## Brief
No pictures go into the output, which should consist only of the lines from the first line of the data through the line with "1. In the Timekeeping", copied exactly.

## Given entries
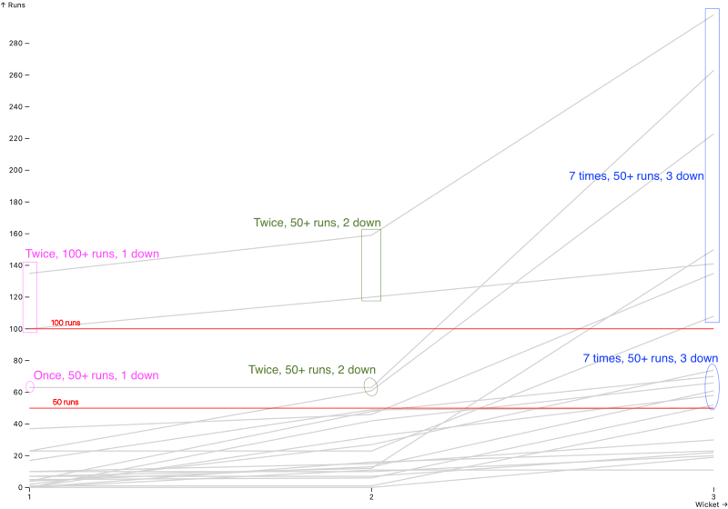 - Getting slightly more for that 3rd wicket: 7 times England were above 100 runs at the loss of 3 wickets; 7 times England were below 50 runs, and 7 times between 50 and 100.
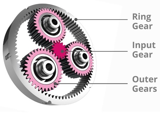 行星式齿轮减速于传动时,太阳齿、行星齿、内环齿间共有六个接触面均匀承受负载,并依附着内环齿迹呈360度均匀分布承受冲击负荷,可降低齿轮之间摩擦,减小了齿轮断裂的隐患。行星采用浮游式运动,其间隙相当紧密,每级减速齿轮间只需籍几阶段齿轮啮合,故其体积相对减小且最高效率可达97%。
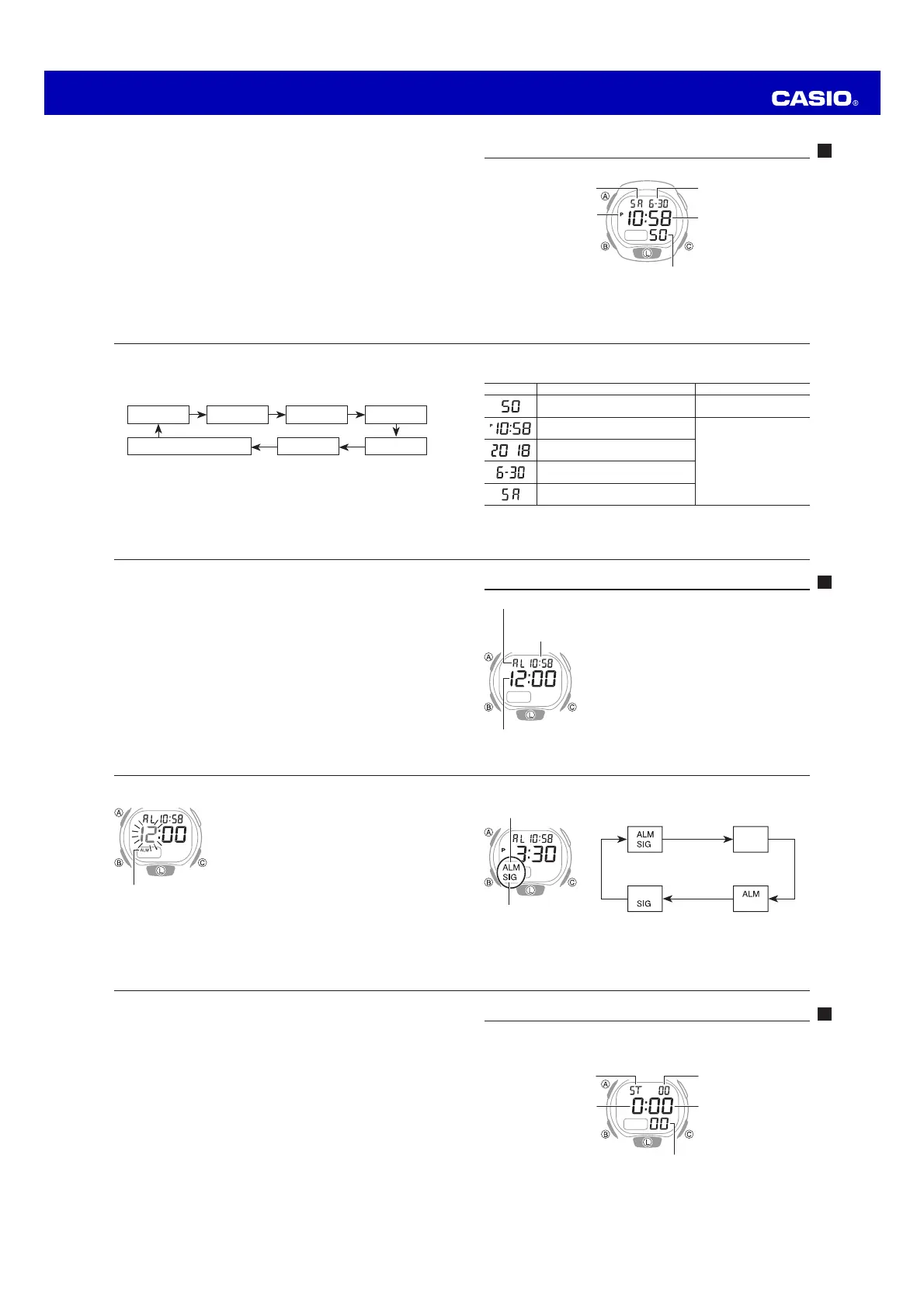 1. In the Timekeeping Mode, hold down A until the seconds digits start to flash.
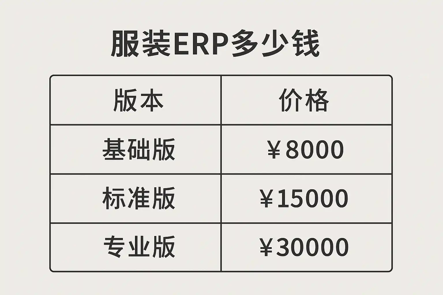 服装ERP系统的价格通常包含软件授权费、实施费用、培训费和维护费。根据市场调研,基础版服装ERP价格一般在3万到10万元人民币之间,高级定制版可达50万元以上。具体费用构成如下:
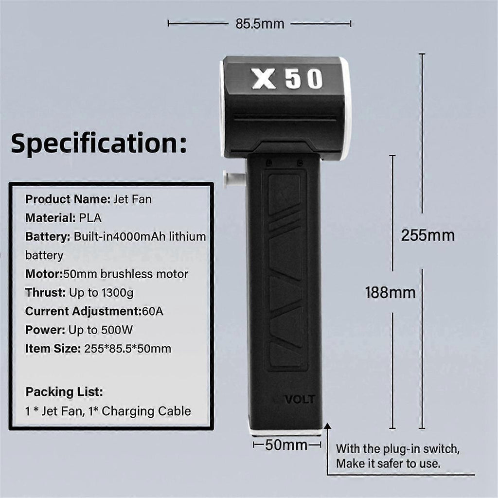 [High Power Motor]: This ducted fan adopts a high-speed 50mm brushless motor and can provide strong blowing power, with a perfect dust removal effect, and the thrust is up to 1300g. It will easily dry an entire vehicle within one charging cycle.
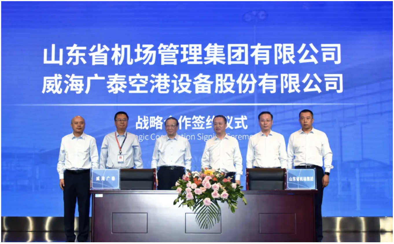 2020年9月28日下午,山東省機(jī)場管理集團(tuán)有限公司(以下簡稱“山東機(jī)場集團(tuán)”)和威海廣泰空港設(shè)備股份有限公司(以下簡稱“威海廣泰”)在威海隆重舉行戰(zhàn)略合作框架協(xié)議簽約儀式,雙方共敘友情,共謀未來發(fā)展,尋求合作共贏新模式。威海廣泰董事長李光太和山東機(jī)場集團(tuán)黨委書記、董…
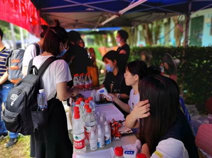 从早上8:00到晚上20:00,学生志愿者等候在学院接待点,亲切问候每一位返校同学,并引导他们出示健康码、测量体温以及完成签到。除此之外,学生志愿者们还为每位返校同学献上学院特别准备的爱心返校礼品,包括口罩、免洗洗手液等防疫物品。一份份礼品传递了学校和学院对同学们的深切思念,也让同学们感受了“回家”的温暖。
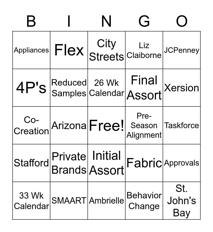 This bingo card has a free space and 24 words: Private Brands, SMAART, 26 Wk Calendar, 33 Wk Calendar, JCPenney, Appliances, 4P's, Flex, Pre- Season Alignment, Initial Assort, Final Assort, Co-Creation, Fabric, Approvals, Reduced Samples, Behavior Change, Taskforce, City Streets, Xersion, Arizona, St. John's Bay, Stafford, Liz Claiborne and Ambrielle.
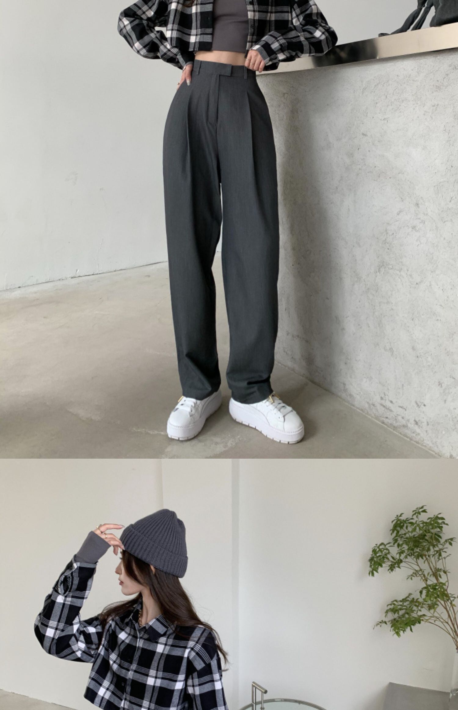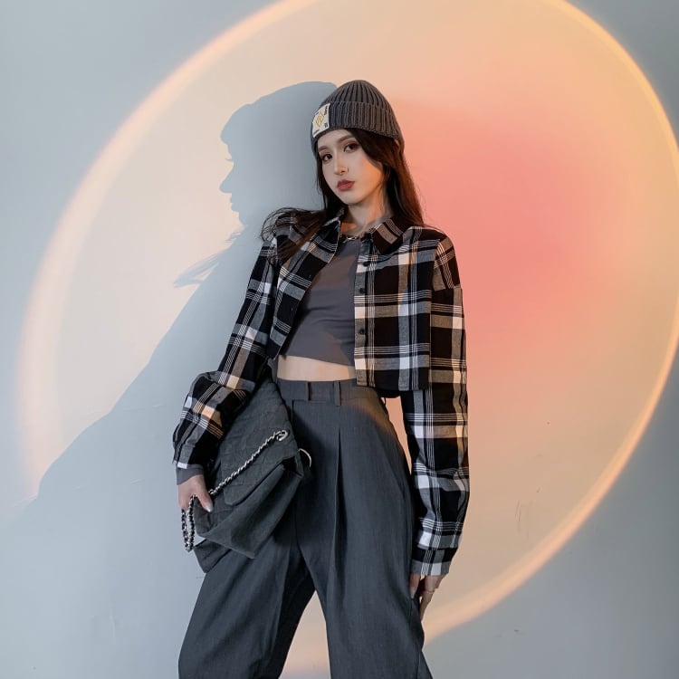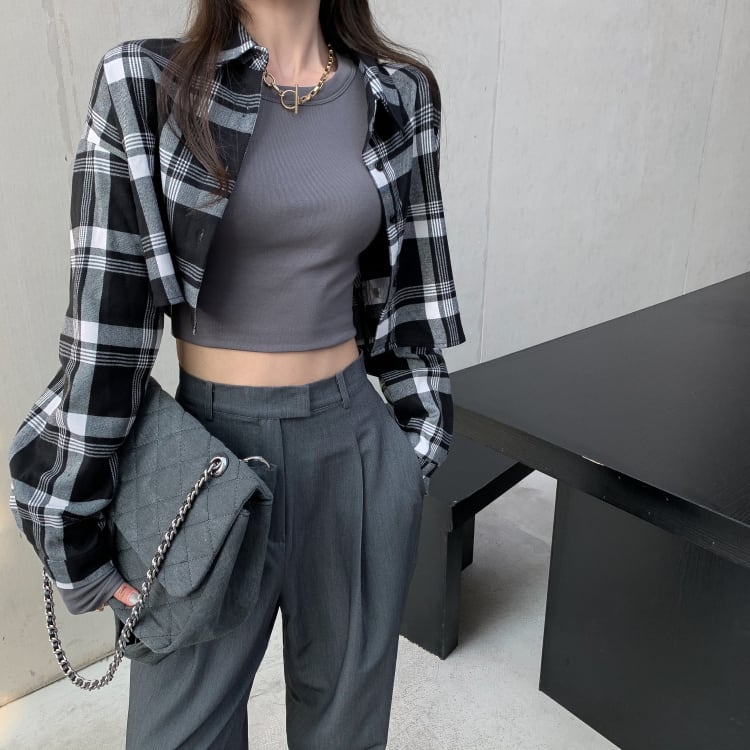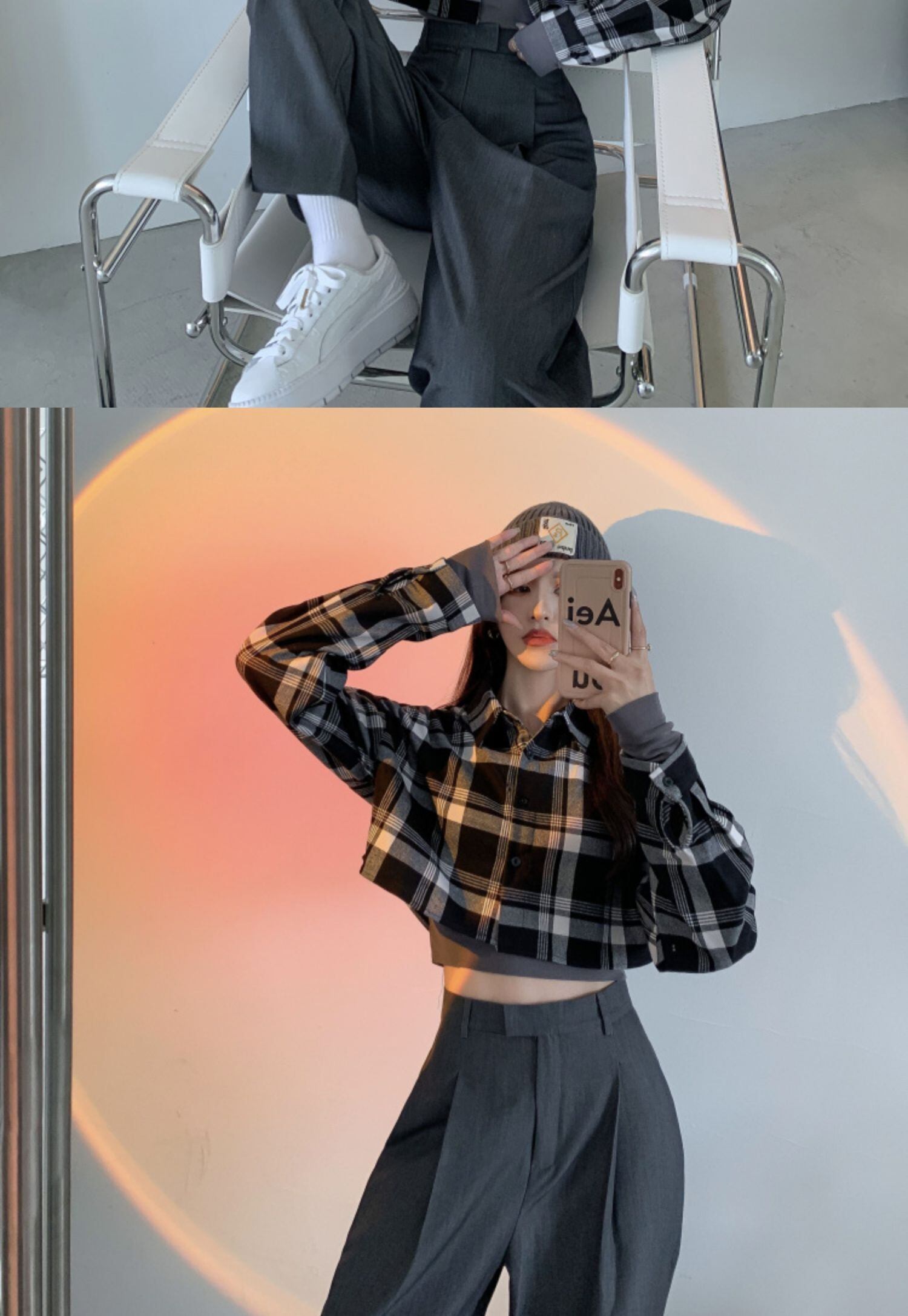 ショートクロップドスプリング格子柄シャツ ハイウェストパンツ コットン 春物 ドラファッションホール5968103010

## Response box
 - Getting slightly more for that 3rd wicket: 7 times England were above 100 runs at the loss of 3 wickets; 7 times England were below 50 runs, and 7 times between 50 and 100.
 行星式齿轮减速于传动时,太阳齿、行星齿、内环齿间共有六个接触面均匀承受负载,并依附着内环齿迹呈360度均匀分布承受冲击负荷,可降低齿轮之间摩擦,减小了齿轮断裂的隐患。行星采用浮游式运动,其间隙相当紧密,每级减速齿轮间只需籍几阶段齿轮啮合,故其体积相对减小且最高效率可达97%。
 1. In the Timekeeping Mode, hold down A until the seconds digits start to flash.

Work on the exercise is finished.